Jack Mosbacher was a member of the Stanford baseball team from 2008-2011. Each week, he’ll take a look at the Cardinal’s ups and downs on its road to the College World Series.
Suddenly, everything was going right for No. 10 Stanford again this weekend, as the Cardinal swept No. 23 Arizona State and clawed its way back into the race for the Pac-12 title. Most importantly, the Cardinal righted its previously sinking ship, breaking out of an ugly offensive slump to score 34 runs in three wins against the Sun Devils in a must-win series.
The Cardinal is peaking at the right time. Stanford probably can’t lose another series if they hope to get home-field advantage for the Regional and Super Regional tournaments.
Baseball can be a fickle game. Every season has its mountains and valleys, and Stanford has struggled mightily at times in the current campaign. However, this team has proven itself a fighter. The firepower displayed in this weekend’s return-to-form offensive explosion against one of the nation’s best pitching staffs showed once again just how potent this Cardinal offense can be when clicking on all nine cylinders.
Now that things are back to normal, it’s time for this Stanford team to revisit its goals and recommit to a plan for reaching them.
At the outset of every season, Stanford’s goals are the same: compete for a Pac-12 Championship and make it to the College World Series in Omaha. This past weekend’s series marked the halfway point in Pac-12 play. Though it feels like the season started only a few weeks ago, time is flying by. What does Stanford have to do to make its Omaha dreams a reality?
When it comes to predicting which teams will make it through the playoffs to Omaha in June, one variable consistently exerts an overriding influence: hosting a Regional. Hosting both Regional and Super Regional contests at home has far-reaching implications for a team trying to make it to the World Series. In last year’s tournament, seven of the eight teams that made it to Omaha played both their Regional and Super Regional on their home turf. Although correlation doesn’t necessarily mean causation, there’s something to be said for this apparent relationship.

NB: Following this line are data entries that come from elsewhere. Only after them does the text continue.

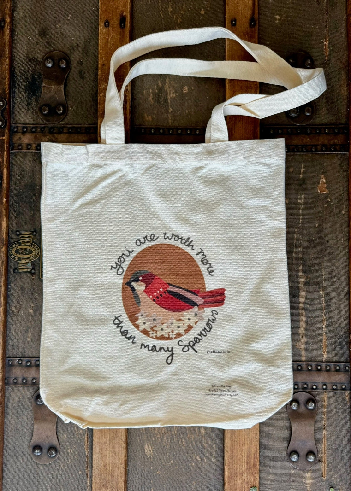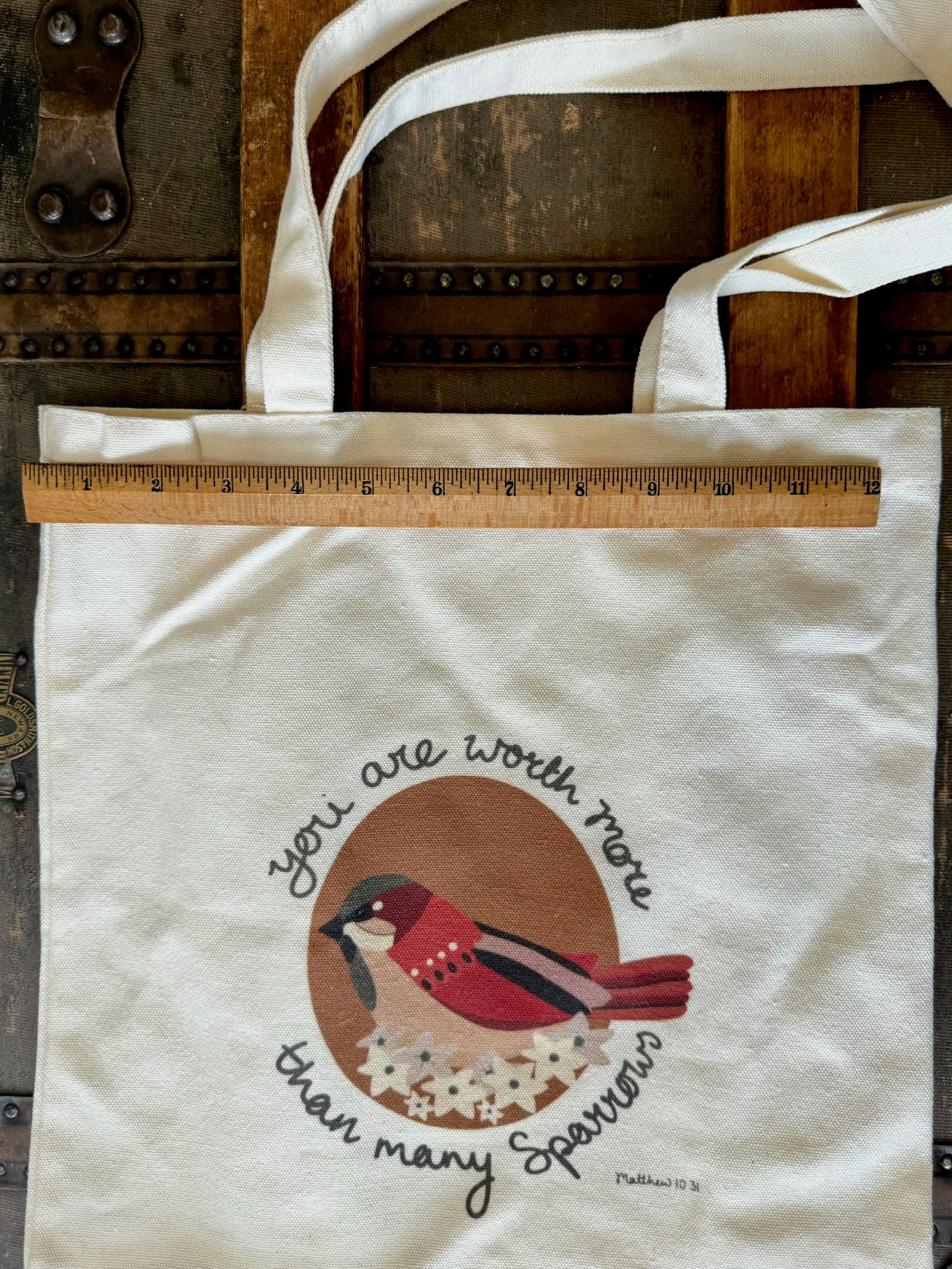 Stylish tote bag with sparrow print inspired by Matthew 10:31, makes a meaningful gift or practical daily use item. Durable, spacious, and well-crafted with quality materials.
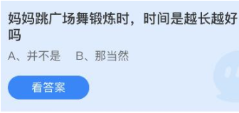 猜一猜:妈妈跳广场舞锻炼时,时间是越长越好吗?这是支付宝蚂蚁庄园2022年03月08日妇女节即将正式的跟诸位亲爱的小鸡宝宝的饲养员们要见面的题目,也是俨然成为当代中国内地流行到不行的一项健身娱乐的运动,接下来就让我们赶紧来看看这道题目的正确答案吧!
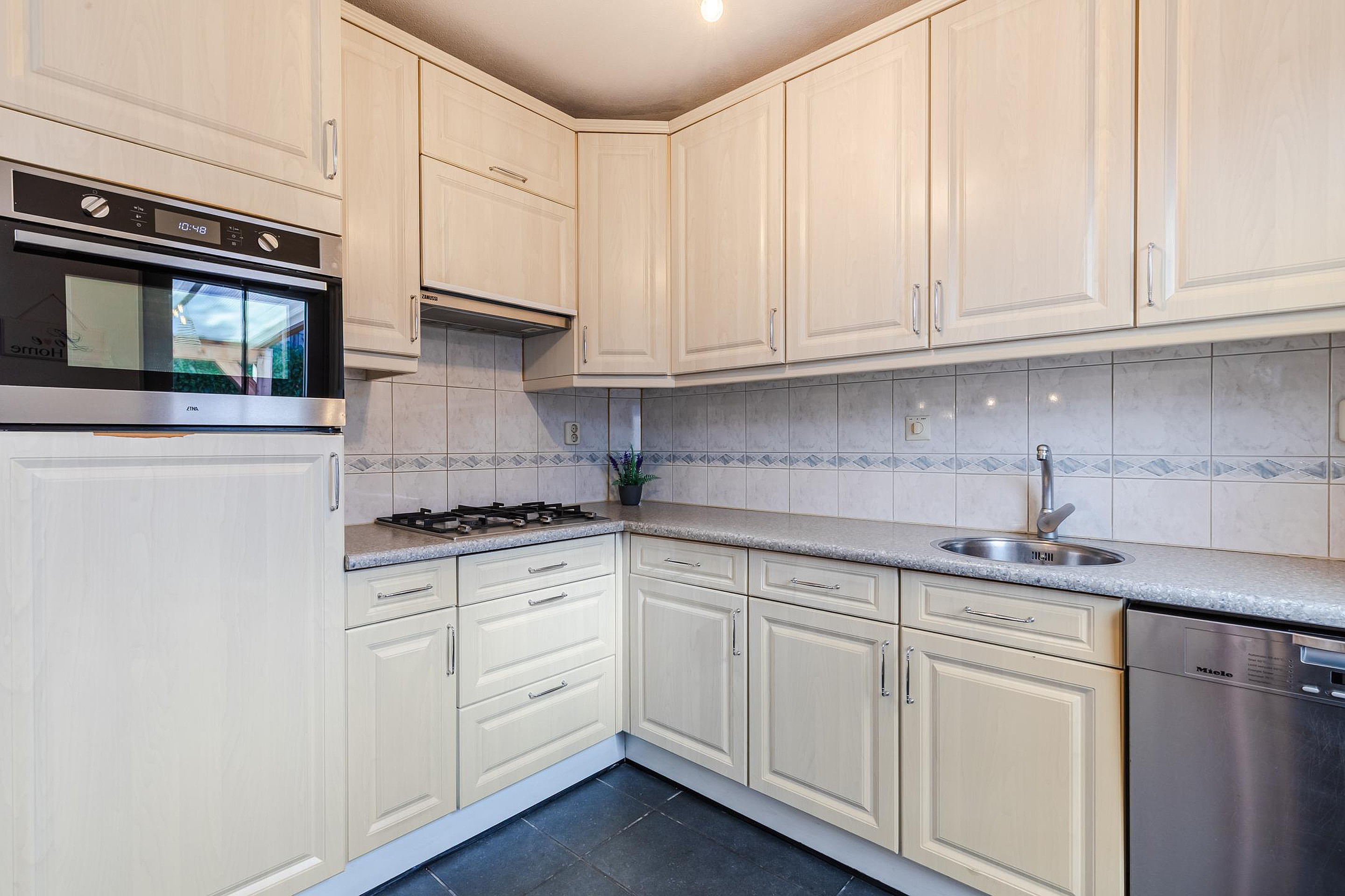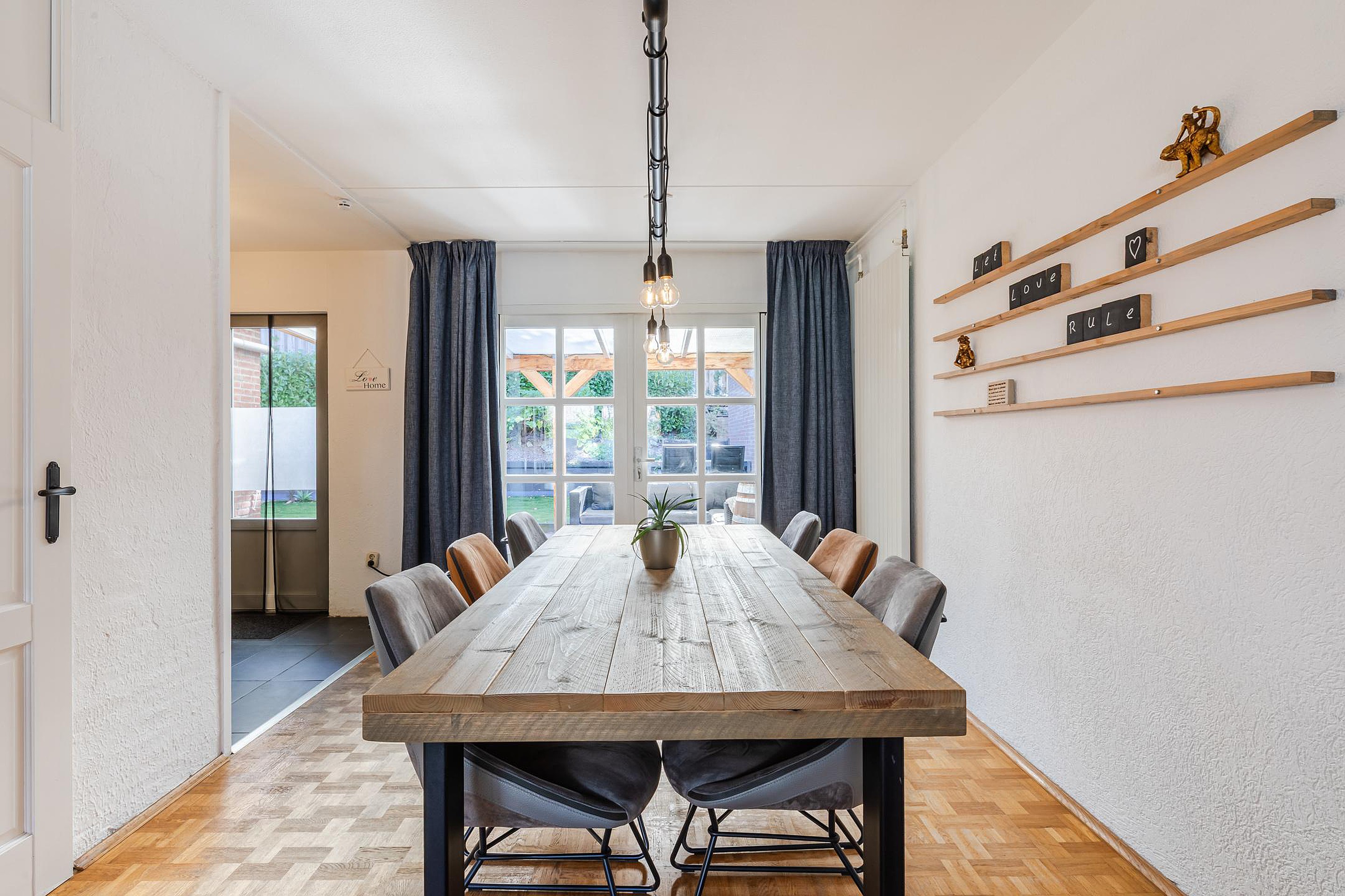 Vanuit de eigen oprit is er toegang tot de entree van de woning. De entree/ hal met garderobenis geeft toegang tot de trapopgang naar de 1e verdieping, de toiletruimte, de meterkast en de woonkamer. De deels betegelde toiletruimte is voorzien van een staand closet en fonteintje. De hal en de woonkamer zijn voorzien van blokjesparket. De woonkamer is ruim van opzet, ca. 36m2. Aan de voorzijde is er een moderne erker. Centraal in de woonkamer is er een trapkast. Aan de achterzijde zijn er openslaande tuindeuren. Door de grote raampartij is er een optimaal tuincontact. De semi-open keuken is ingericht met een 4-pitsgasfornuis, afzuigkap, combi-oven, koelkast en vaatwasser. De keuken is voorzien van een tegelvloer. Middels een loopdeur is er toegang tot het grote overdekte terras.
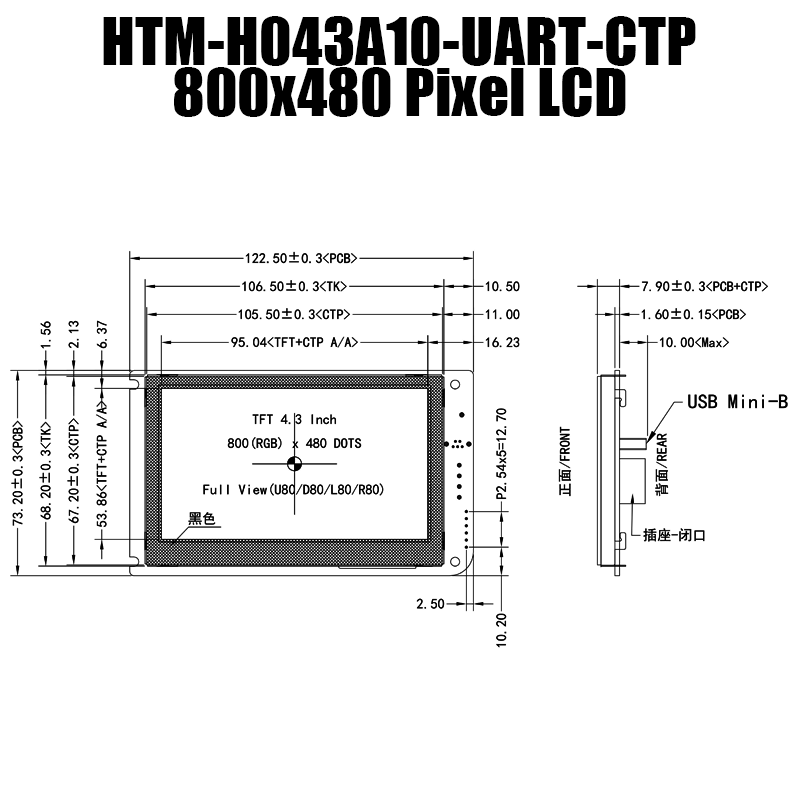• 型號(hào): 4.3寸 UART 電容式觸摸屏 TFT LCD 800x480 顯示屏帶 LCD 控制板智能屏 HTM-H043A10-UART-CTP

Any team trying to reach the World Series while playing on the road is fighting an improbable, though not impossible, uphill battle. Take last year’s Stanford team, for instance. After finishing the season on a hot streak, the Cardinal upset host Cal State-Fullerton in the Regional and headed to Chapel Hill to face North Carolina in the Super Regional. This time, Stanford was playing in heat and humidity the likes of which most of the players had never experienced. Suddenly, the strike zone would grow eight inches for the Cardinal hitters and pull a magical shrinking act when the Tar Heels came to the plate. Two lightning-quick games later, Stanford’s season was over. Point being, Stanford needs to set its sights on becoming one of the top-eight national seeds in this year’s tournament, thus securing home field advantage throughout the playoffs.
By my count, Stanford will need to win a pair of hard-fought series against UCLA and Oregon State and hope for a sweep against Washington State, lowly Utah or Cal to end the year. Should the season end this way, I’d be shocked if Stanford didn’t lock up the seventh or eighth seed in the 64-team playoff and win the right to host the Regional and Super Regional at Sunken Diamond.
Is Stanford talented enough to pull this off? Without a doubt. Will they? That’s a whole other question. I guess that’s what will make these last five weeks of regular season baseball worth watching. For now, the Cardinal needs to come together around the shared and immediate goal of performing their best in the final five series of the season in order to set up an optimal scenario for getting to Omaha. After that, all bets are off.
This Stanford team has proven conclusively that it can play with anybody, so having to play a Regional or Super Regional on the road will not necessarily be a death knell for this gifted team. However, hosting should become this team’s primary goal as it heads down the home stretch of the 2012 season. If the Cardinal can pull it off, opponents will be hard-pressed to keep this team out of Omaha in June.